Task prompt:
Output each record below exactly. No images go in the copy.

(Items listed in a dataset)
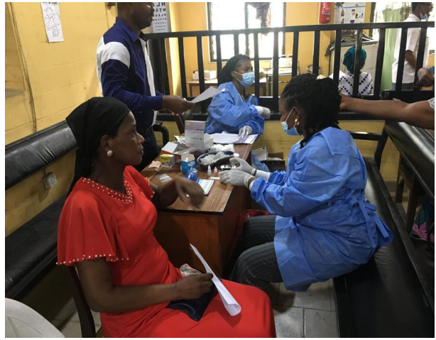
Figure 4: Laboratory tests for clients
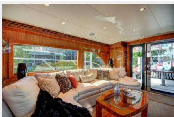
Salon Aft to Starboard
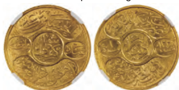
1124. HEJAZ: al-Husayn b. 'Ali , 1916-1924, AV dinar hashimi, Makka al-Mukarrama (Mecca), AH1134 year 8, KM-31, one-year type, a very lustrous example! NGC graded MS63 $1,000 - 1,200
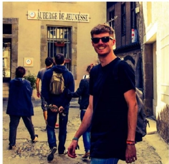
This is me.

I made a few friends in Prague who eventually recommended that I take a look at this opportunity with OKO. I have always wanted to take part in an EVS scheme, I always thought it would be another great experience for me. So far it is looking like it, and I am very excited for the next 8 months in Rychnov.
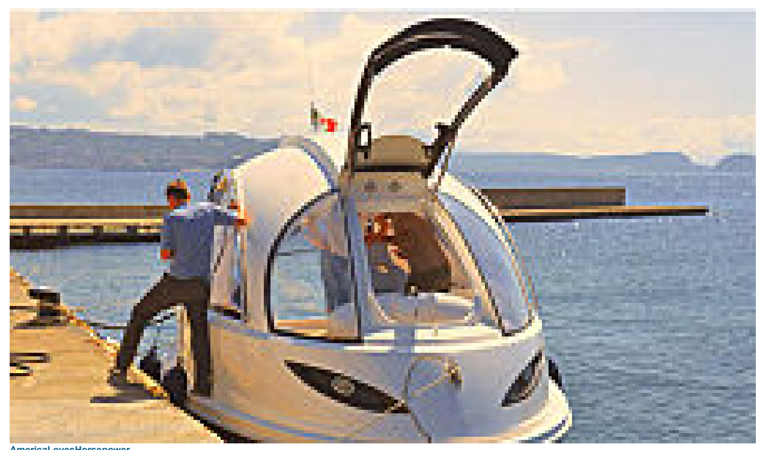
AmericaLovesHorsepower 26 of the Weirdest Boats Ever Made!
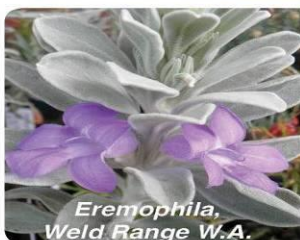
Eremophila, Weld Range W.A.
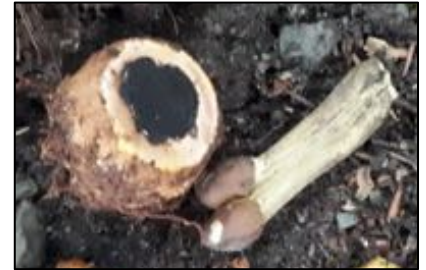
A Truffleclub with its underground truffle.
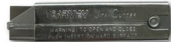
Composition of the Box Cutter
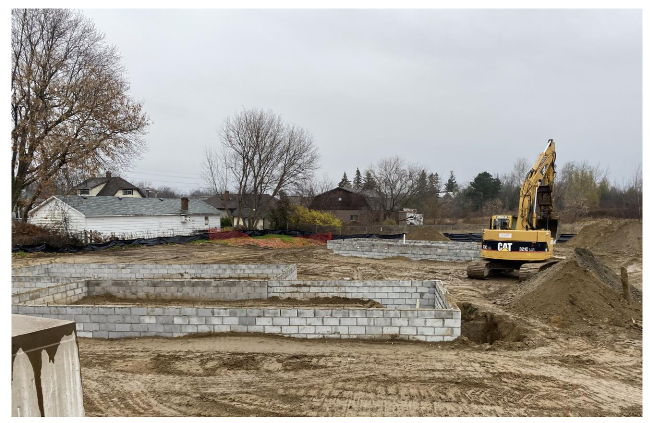
Buildings 2 & 3 – Foundation walls
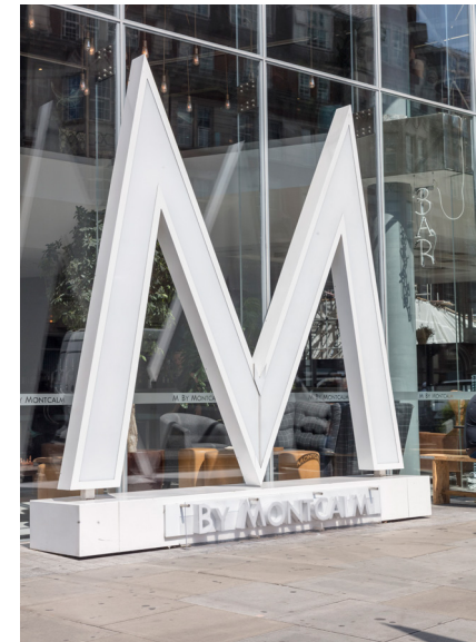
M by Montcalm London Shoreditch
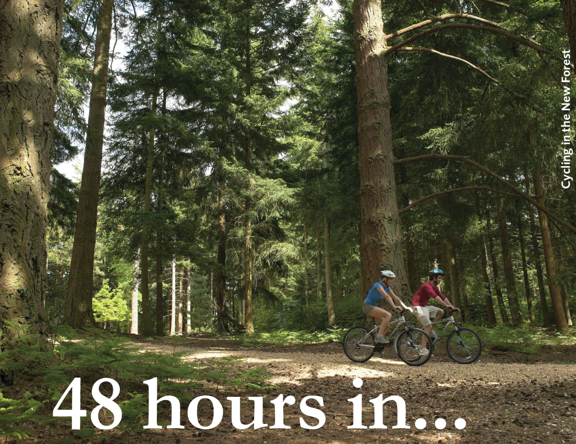
Cycling in the New Forest
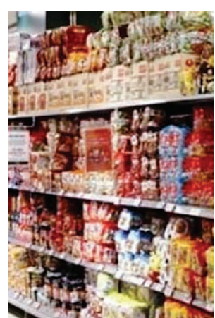
figure. South Korea was the world's second-largest exporter of noodles last year following China that sold 460,000 tons of the products, the data showed. The brisk shipment was

S outh Korea's exports of instant noodles reached an all-time high in 2022, boosted by the global popularity of Korean food and culture, data showed on Thursday. The country exported $862 million worth of noodles, including instant noodles, or "ramyeon" in Korean, and udon noodles, last year, up 12 per cent from a year earlier, according to the data from the Korea Customs Service. It marked the highest ever global sales for South Korean noodles, surpassing the previous record set in 2021, reports Yonhap News Agency. By volume, outbound shipment of noodles grew 10.3 per cent on-year to 260,000 tonnes in 2022, also a record
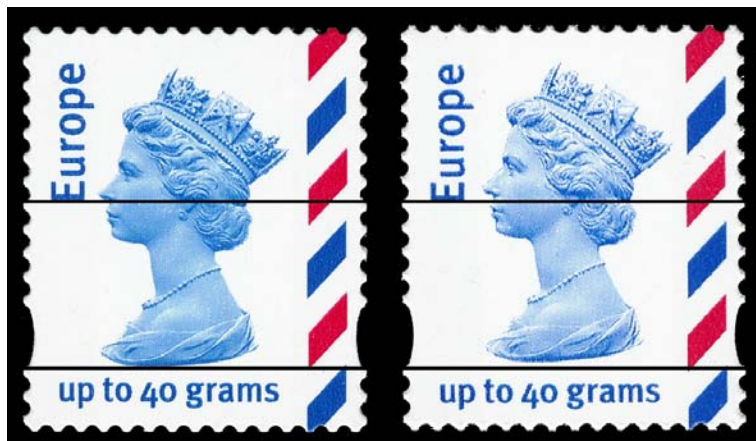
Original Head Setting (ex W1 or W2)
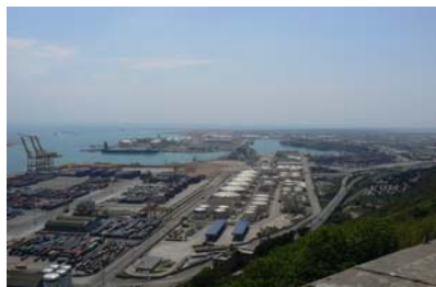
Port of Barcelona

Project: Terminal Muelle Prat, Port of Barcelona Location: Barcelona, Spain Client: Ferrovial Agroman S.A. & Comsa S.A. Project Description: Port Redevelopment
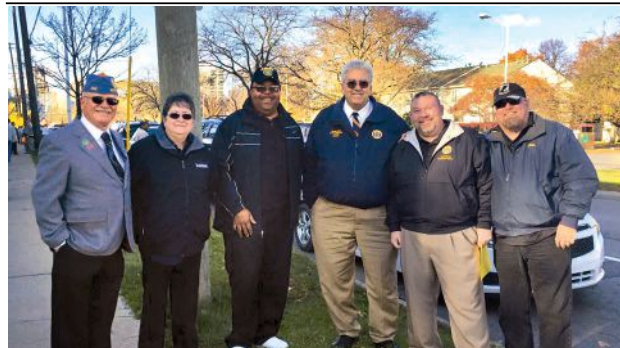
Waiting for the Veteran's Day Parade to begin.

HARBOR BEACH - The American Legion Auxiliary, Burhans Hagedon Unit 197, concluded the Veterans Day Project for 2015 at their monthly meeting on Tuesday, October 27. A total of 73 Lap Robes and 11 Wheelchair/Walker/Bed Rail Totes were proudly donated by members. The donated items will be delivered to the Ann Arbor Veterans Hospital to celebrate Veterans Day November 11, 2015. Thank you to all the members of the Auxiliary for their participation, American Legion Post 197 Harbor Beach & Department of Veterans Affairs/DAV Bad Axe for delivery of the donated items, and the community whose support and poppy donations helped in part to fund this project. We are forever grateful to all Veterans for their service.
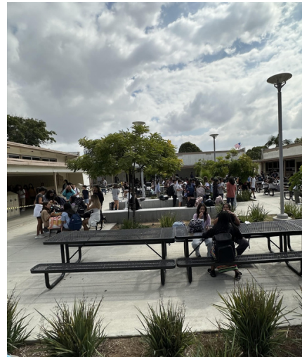
People Eating in the Quad
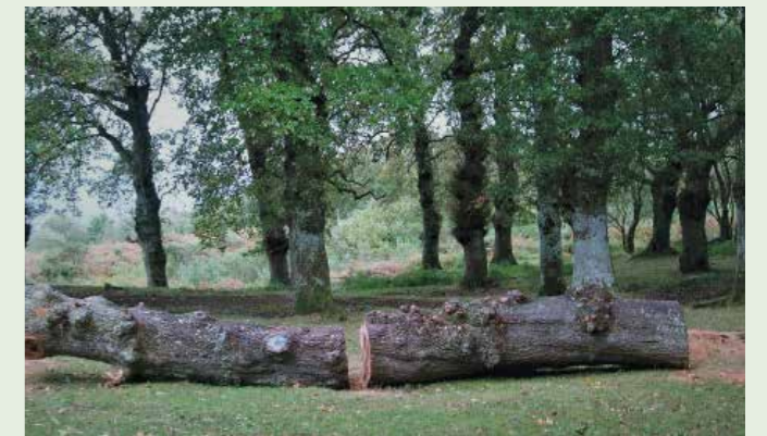
The oak tree that supplied the timber
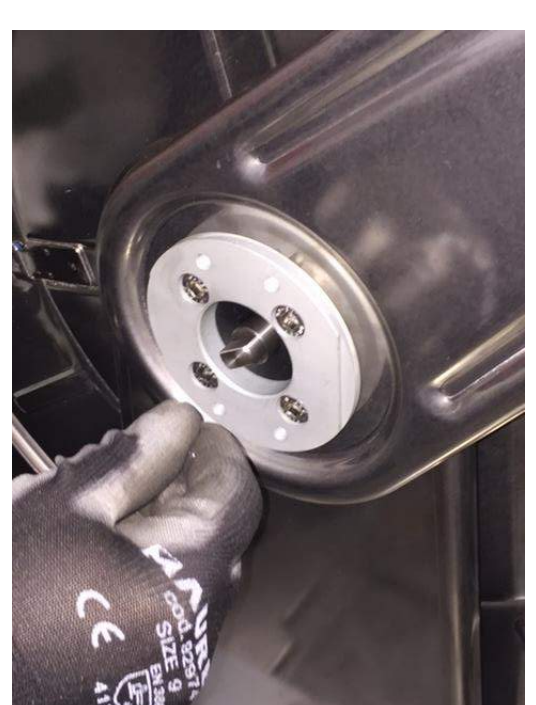
Insert the central adapter.
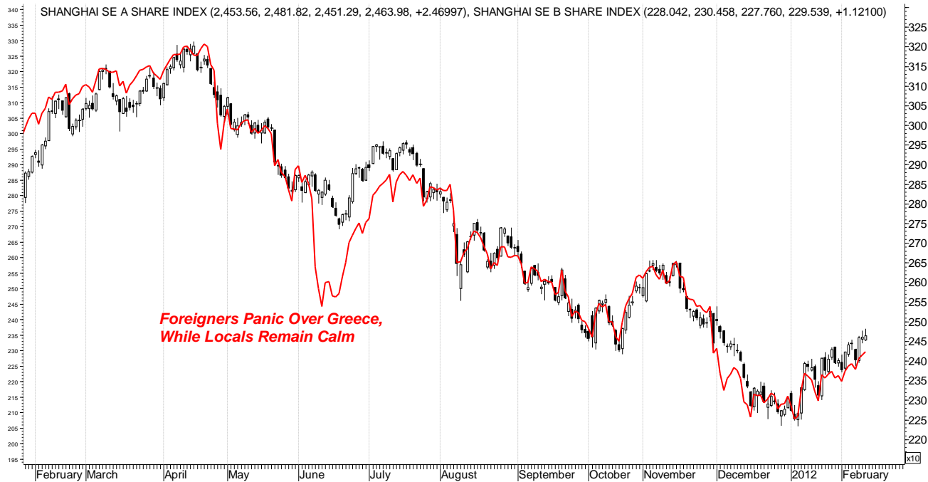
Fig 3. Shanghai A Shares, Traded in Renimbi by Locals Closely Tracked by B Shares, Traded by Foreigners, But Foreigners Panicked Over Greece in June, While Locals Did Not
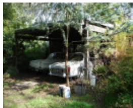
14272 Rice House Eltham May 06 carport
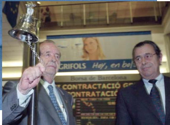
May 17 2006. GRIFOLS IPO in the Barcelona Stock Exchange
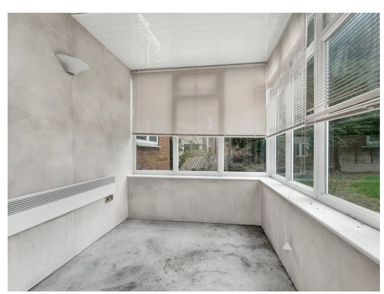
7' 10'' x 6' 10'' (2.39m x 2.08m) Accessed only from the garden, brick built with Upvc sides and sliding patio door, electric heater.
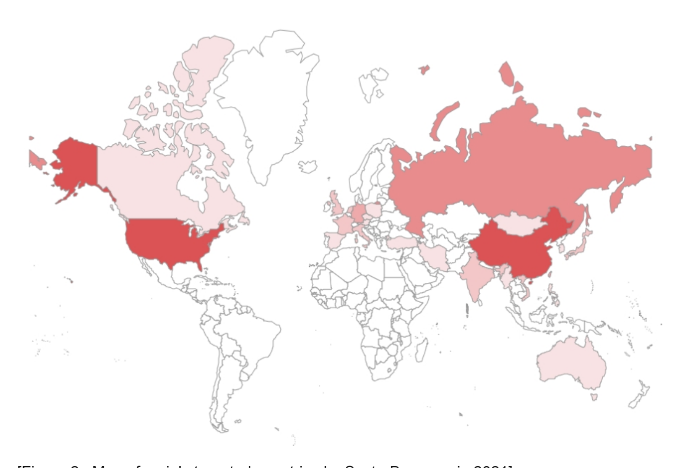
[Figure 2 : Map of mainly targeted countries by SectorB groups in 2021]

The following figure is the map of targeted countries of SectorB groups in 2021. A darker shade of red represents a higher number of attacks.
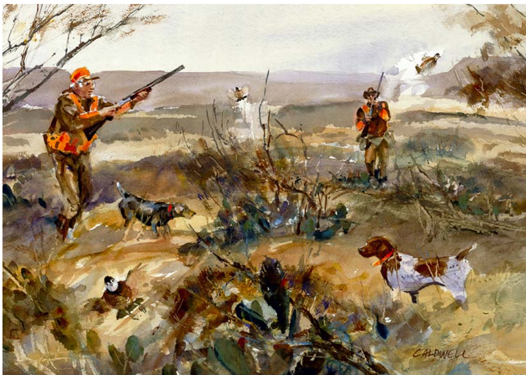
"Quail Explosion" "Let's Go Rodeo"

A few South Texas images from ancient and recent years. Most are in collections, but the images are mine. Large Gclees are available from all paintings, or brand new paintings can be commissioned, based on these images. For availability, and the possibility of commissioning Caldwell paintings, go to www.samcaldwell.com , or visit with Sam Caldwell at 281-455-9390.
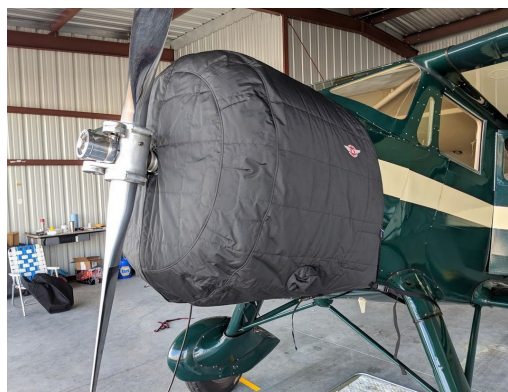
Wacon Cabin Biplane ZQC-6 Insulated Engine Cover

Result for this task:
Figure 4: Laboratory tests for clients
Salon Aft to Starboard
1124. HEJAZ: al-Husayn b. 'Ali , 1916-1924, AV dinar hashimi, Makka al-Mukarrama (Mecca), AH1134 year 8, KM-31, one-year type, a very lustrous example! NGC graded MS63 $1,000 - 1,200
This is me.

I made a few friends in Prague who eventually recommended that I take a look at this opportunity with OKO. I have always wanted to take part in an EVS scheme, I always thought it would be another great experience for me. So far it is looking like it, and I am very excited for the next 8 months in Rychnov.
AmericaLovesHorsepower 26 of the Weirdest Boats Ever Made!
Eremophila, Weld Range W.A.
A Truffleclub with its underground truffle.
Composition of the Box Cutter
Buildings 2 & 3 – Foundation walls
M by Montcalm London Shoreditch
Cycling in the New Forest
figure. South Korea was the world's second-largest exporter of noodles last year following China that sold 460,000 tons of the products, the data showed. The brisk shipment was

S outh Korea's exports of instant noodles reached an all-time high in 2022, boosted by the global popularity of Korean food and culture, data showed on Thursday. The country exported $862 million worth of noodles, including instant noodles, or "ramyeon" in Korean, and udon noodles, last year, up 12 per cent from a year earlier, according to the data from the Korea Customs Service. It marked the highest ever global sales for South Korean noodles, surpassing the previous record set in 2021, reports Yonhap News Agency. By volume, outbound shipment of noodles grew 10.3 per cent on-year to 260,000 tonnes in 2022, also a record
Original Head Setting (ex W1 or W2)
Port of Barcelona

Project: Terminal Muelle Prat, Port of Barcelona Location: Barcelona, Spain Client: Ferrovial Agroman S.A. & Comsa S.A. Project Description: Port Redevelopment
Waiting for the Veteran's Day Parade to begin.

HARBOR BEACH - The American Legion Auxiliary, Burhans Hagedon Unit 197, concluded the Veterans Day Project for 2015 at their monthly meeting on Tuesday, October 27. A total of 73 Lap Robes and 11 Wheelchair/Walker/Bed Rail Totes were proudly donated by members. The donated items will be delivered to the Ann Arbor Veterans Hospital to celebrate Veterans Day November 11, 2015. Thank you to all the members of the Auxiliary for their participation, American Legion Post 197 Harbor Beach & Department of Veterans Affairs/DAV Bad Axe for delivery of the donated items, and the community whose support and poppy donations helped in part to fund this project. We are forever grateful to all Veterans for their service.
People Eating in the Quad
The oak tree that supplied the timber
Insert the central adapter.
Fig 3. Shanghai A Shares, Traded in Renimbi by Locals Closely Tracked by B Shares, Traded by Foreigners, But Foreigners Panicked Over Greece in June, While Locals Did Not
14272 Rice House Eltham May 06 carport
May 17 2006. GRIFOLS IPO in the Barcelona Stock Exchange
7' 10'' x 6' 10'' (2.39m x 2.08m) Accessed only from the garden, brick built with Upvc sides and sliding patio door, electric heater.
[Figure 2 : Map of mainly targeted countries by SectorB groups in 2021]

The following figure is the map of targeted countries of SectorB groups in 2021. A darker shade of red represents a higher number of attacks.
"Quail Explosion" "Let's Go Rodeo"

A few South Texas images from ancient and recent years. Most are in collections, but the images are mine. Large Gclees are available from all paintings, or brand new paintings can be commissioned, based on these images. For availability, and the possibility of commissioning Caldwell paintings, go to www.samcaldwell.com , or visit with Sam Caldwell at 281-455-9390.
Wacon Cabin Biplane ZQC-6 Insulated Engine Cover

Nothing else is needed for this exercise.